Can you show me in a child component, how to access a parameter
defined in parent by using another way? I cannot find api which isn't internal about it. By the way, seems it's also diffcult to provide
default binding for a parameter within parent because function
bindParameter(String parameterName, Binding binding) is internal as
well.

Thanks,
Yunhua

On Thu, Feb 12, 2009 at 11:10 AM, Howard Lewis Ship <hls...@gmail.com >
wrote:

It looks to me like theres an ambiguity here: I don't think a child component should be allowed to declare a second parameter, "name" in
this example, that is already defined in a super-class.

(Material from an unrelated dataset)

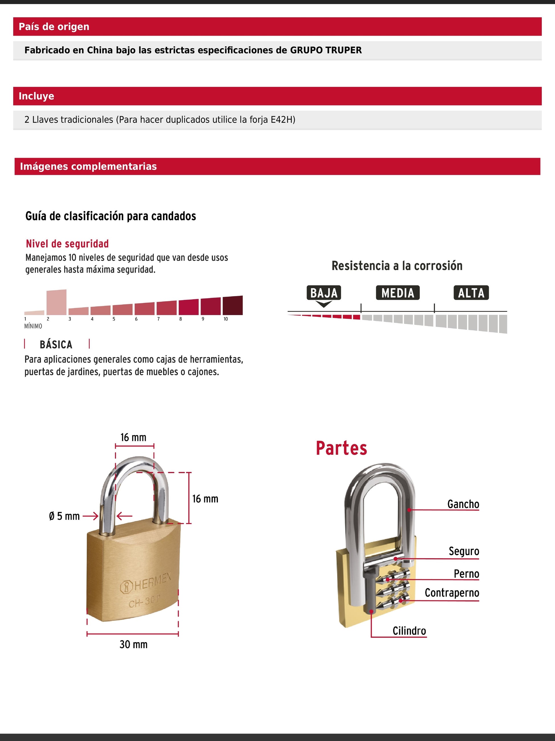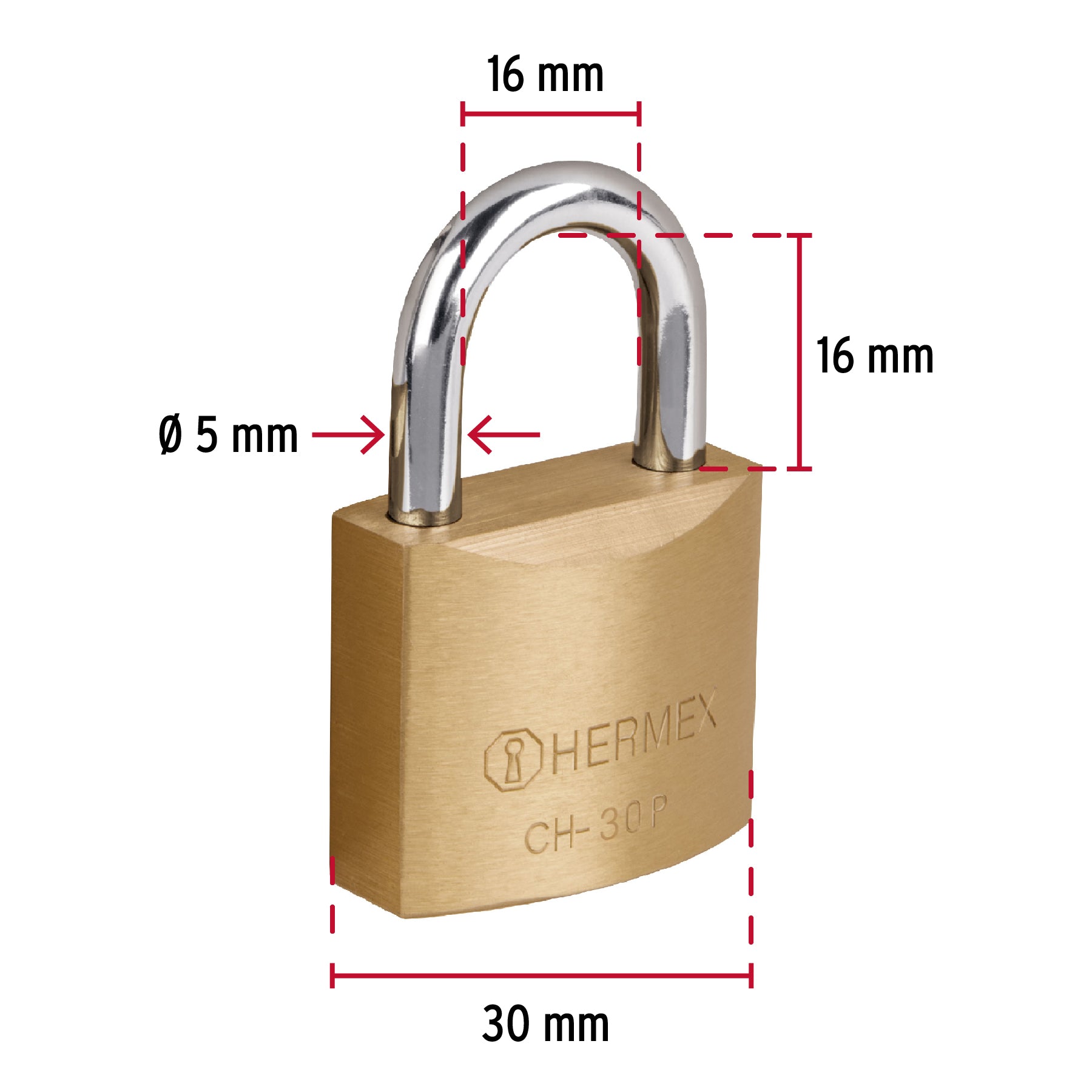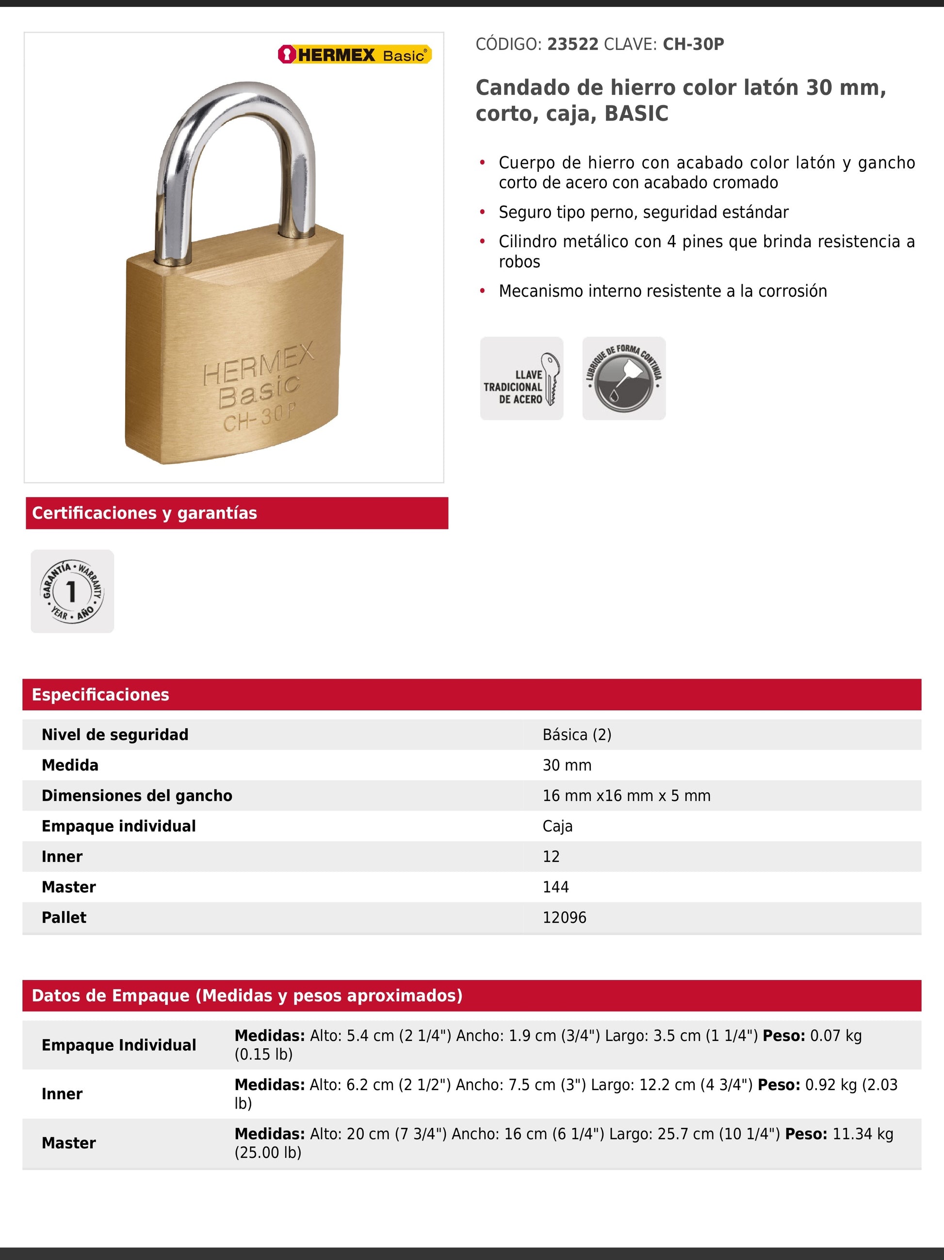 Candado de hierro con acabado latón y gancho corto de acero cromado, diseñado para un nivel de seguridad básica. Incorpora un cilindro metálico con 4 pines y seguro tipo perno estándar que ofrecen resistencia a robos. Su mecanismo interno es resistente a la corrosión e incluye 2 llaves tradicionales. Se presenta en empaque individual tipo caja.

On Wed, Feb 11, 2009 at 12:20 PM, Yunhua Sang <yunhua.s...@gmail.com >
wrote:

Hello Howard,

It turns out the error occurs only when the child wants to provide
its
own default binding for a parameter originally defined in parent;
example:

public class Parent {
@Parameter
private String name;
void setupRender() {
name.toUpperCase(); // NPE happens here
}
}

public class Child extends Parent{
@Parameter("prop:name")
private String name;
public String getName() {
return "Tom";
}
}

Page class:
public class ChildExample {
@Component
private Child child;
}

Template ChildExample.tml:
<html
xmlns:t="http://tapestry.apache.org/schema/ tapestry_5_0_0.xsd">
<h3>Test</h3>
<t:child t:id="child"/>
</html>

I am sorry for my previous inaccurate information and thanks for
looking into it.

Yunhua


On Wed, Feb 11, 2009 at 2:15 PM, Howard Lewis Ship
<hls...@gmail.com>
wrote:

I'm not aware of anything that's changed in this area; could you
elaborate?

On Wed, Feb 11, 2009 at 10:56 AM, Yunhua Sang
<yunhua.s...@gmail.com>
wrote:

Hello all,

It seems there is no clear document about how to access a
parameter
defined in parent component; previous to 5.0.18, I was using the
way
of declaring the parameter again in child class and it worked
well;
however looks like some changes in 5.1.0.0 broke the way, seems
there
is no link between the parameter with same name in parent and
child
now.

The problem is when I am USING a tapestry component, it's such a
comfortable experience; but when I write a sub-class of a
component,
I
am getting frustrated: a lot of methods are package visible; there
is
no clear way for parameter manipulation, a typical question: can I update an attibute of parameter in parent class? If inheritance is
not
a good practice in Tapestry, there should be a document about it.